Your task. Word-for-word transcription is needed for all of the entries.

(Dataset records)
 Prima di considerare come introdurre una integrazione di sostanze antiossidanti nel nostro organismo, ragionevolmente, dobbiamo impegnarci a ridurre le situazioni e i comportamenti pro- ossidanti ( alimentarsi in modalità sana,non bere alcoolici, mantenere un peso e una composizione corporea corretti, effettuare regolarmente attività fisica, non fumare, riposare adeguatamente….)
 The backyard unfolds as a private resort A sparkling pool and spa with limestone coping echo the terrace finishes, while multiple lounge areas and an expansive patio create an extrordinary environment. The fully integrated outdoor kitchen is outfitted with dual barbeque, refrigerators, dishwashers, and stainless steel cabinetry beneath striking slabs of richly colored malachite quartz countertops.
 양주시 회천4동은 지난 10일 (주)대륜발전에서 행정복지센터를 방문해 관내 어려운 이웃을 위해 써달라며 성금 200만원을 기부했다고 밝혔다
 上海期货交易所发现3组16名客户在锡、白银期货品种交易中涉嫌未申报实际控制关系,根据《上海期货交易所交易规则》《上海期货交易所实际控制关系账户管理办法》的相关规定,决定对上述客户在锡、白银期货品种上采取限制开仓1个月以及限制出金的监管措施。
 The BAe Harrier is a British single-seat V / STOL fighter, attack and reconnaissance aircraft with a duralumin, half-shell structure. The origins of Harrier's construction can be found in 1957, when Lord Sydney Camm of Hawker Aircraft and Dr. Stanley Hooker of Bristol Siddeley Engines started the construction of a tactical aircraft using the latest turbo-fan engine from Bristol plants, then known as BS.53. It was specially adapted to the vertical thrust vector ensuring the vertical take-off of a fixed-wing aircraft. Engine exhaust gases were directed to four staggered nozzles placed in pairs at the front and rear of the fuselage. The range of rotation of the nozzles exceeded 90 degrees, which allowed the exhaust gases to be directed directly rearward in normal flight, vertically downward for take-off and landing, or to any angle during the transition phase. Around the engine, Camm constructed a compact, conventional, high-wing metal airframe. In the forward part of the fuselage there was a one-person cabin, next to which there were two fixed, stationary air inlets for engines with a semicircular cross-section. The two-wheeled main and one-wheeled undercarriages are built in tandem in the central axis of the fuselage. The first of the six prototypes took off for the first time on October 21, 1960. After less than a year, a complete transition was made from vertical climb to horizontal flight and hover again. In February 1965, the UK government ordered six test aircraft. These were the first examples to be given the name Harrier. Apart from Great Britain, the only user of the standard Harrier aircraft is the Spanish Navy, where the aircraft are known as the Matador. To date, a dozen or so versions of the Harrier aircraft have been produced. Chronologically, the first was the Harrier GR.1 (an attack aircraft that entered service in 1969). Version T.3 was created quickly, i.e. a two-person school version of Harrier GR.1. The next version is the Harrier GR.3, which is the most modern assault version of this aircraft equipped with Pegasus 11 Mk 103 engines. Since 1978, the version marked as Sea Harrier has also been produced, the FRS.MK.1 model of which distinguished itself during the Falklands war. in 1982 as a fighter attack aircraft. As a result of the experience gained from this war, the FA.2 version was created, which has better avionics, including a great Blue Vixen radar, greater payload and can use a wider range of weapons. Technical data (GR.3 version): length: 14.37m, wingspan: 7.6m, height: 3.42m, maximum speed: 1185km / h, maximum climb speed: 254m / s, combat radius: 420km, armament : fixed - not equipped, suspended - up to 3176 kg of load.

Your solution.
 Prima di considerare come introdurre una integrazione di sostanze antiossidanti nel nostro organismo, ragionevolmente, dobbiamo impegnarci a ridurre le situazioni e i comportamenti pro- ossidanti ( alimentarsi in modalità sana,non bere alcoolici, mantenere un peso e una composizione corporea corretti, effettuare regolarmente attività fisica, non fumare, riposare adeguatamente….)
 The backyard unfolds as a private resort A sparkling pool and spa with limestone coping echo the terrace finishes, while multiple lounge areas and an expansive patio create an extrordinary environment. The fully integrated outdoor kitchen is outfitted with dual barbeque, refrigerators, dishwashers, and stainless steel cabinetry beneath striking slabs of richly colored malachite quartz countertops.
 양주시 회천4동은 지난 10일 (주)대륜발전에서 행정복지센터를 방문해 관내 어려운 이웃을 위해 써달라며 성금 200만원을 기부했다고 밝혔다
 上海期货交易所发现3组16名客户在锡、白银期货品种交易中涉嫌未申报实际控制关系,根据《上海期货交易所交易规则》《上海期货交易所实际控制关系账户管理办法》的相关规定,决定对上述客户在锡、白银期货品种上采取限制开仓1个月以及限制出金的监管措施。
 The BAe Harrier is a British single-seat V / STOL fighter, attack and reconnaissance aircraft with a duralumin, half-shell structure. The origins of Harrier's construction can be found in 1957, when Lord Sydney Camm of Hawker Aircraft and Dr. Stanley Hooker of Bristol Siddeley Engines started the construction of a tactical aircraft using the latest turbo-fan engine from Bristol plants, then known as BS.53. It was specially adapted to the vertical thrust vector ensuring the vertical take-off of a fixed-wing aircraft. Engine exhaust gases were directed to four staggered nozzles placed in pairs at the front and rear of the fuselage. The range of rotation of the nozzles exceeded 90 degrees, which allowed the exhaust gases to be directed directly rearward in normal flight, vertically downward for take-off and landing, or to any angle during the transition phase. Around the engine, Camm constructed a compact, conventional, high-wing metal airframe. In the forward part of the fuselage there was a one-person cabin, next to which there were two fixed, stationary air inlets for engines with a semicircular cross-section. The two-wheeled main and one-wheeled undercarriages are built in tandem in the central axis of the fuselage. The first of the six prototypes took off for the first time on October 21, 1960. After less than a year, a complete transition was made from vertical climb to horizontal flight and hover again. In February 1965, the UK government ordered six test aircraft. These were the first examples to be given the name Harrier. Apart from Great Britain, the only user of the standard Harrier aircraft is the Spanish Navy, where the aircraft are known as the Matador. To date, a dozen or so versions of the Harrier aircraft have been produced. Chronologically, the first was the Harrier GR.1 (an attack aircraft that entered service in 1969). Version T.3 was created quickly, i.e. a two-person school version of Harrier GR.1. The next version is the Harrier GR.3, which is the most modern assault version of this aircraft equipped with Pegasus 11 Mk 103 engines. Since 1978, the version marked as Sea Harrier has also been produced, the FRS.MK.1 model of which distinguished itself during the Falklands war. in 1982 as a fighter attack aircraft. As a result of the experience gained from this war, the FA.2 version was created, which has better avionics, including a great Blue Vixen radar, greater payload and can use a wider range of weapons. Technical data (GR.3 version): length: 14.37m, wingspan: 7.6m, height: 3.42m, maximum speed: 1185km / h, maximum climb speed: 254m / s, combat radius: 420km, armament : fixed - not equipped, suspended - up to 3176 kg of load.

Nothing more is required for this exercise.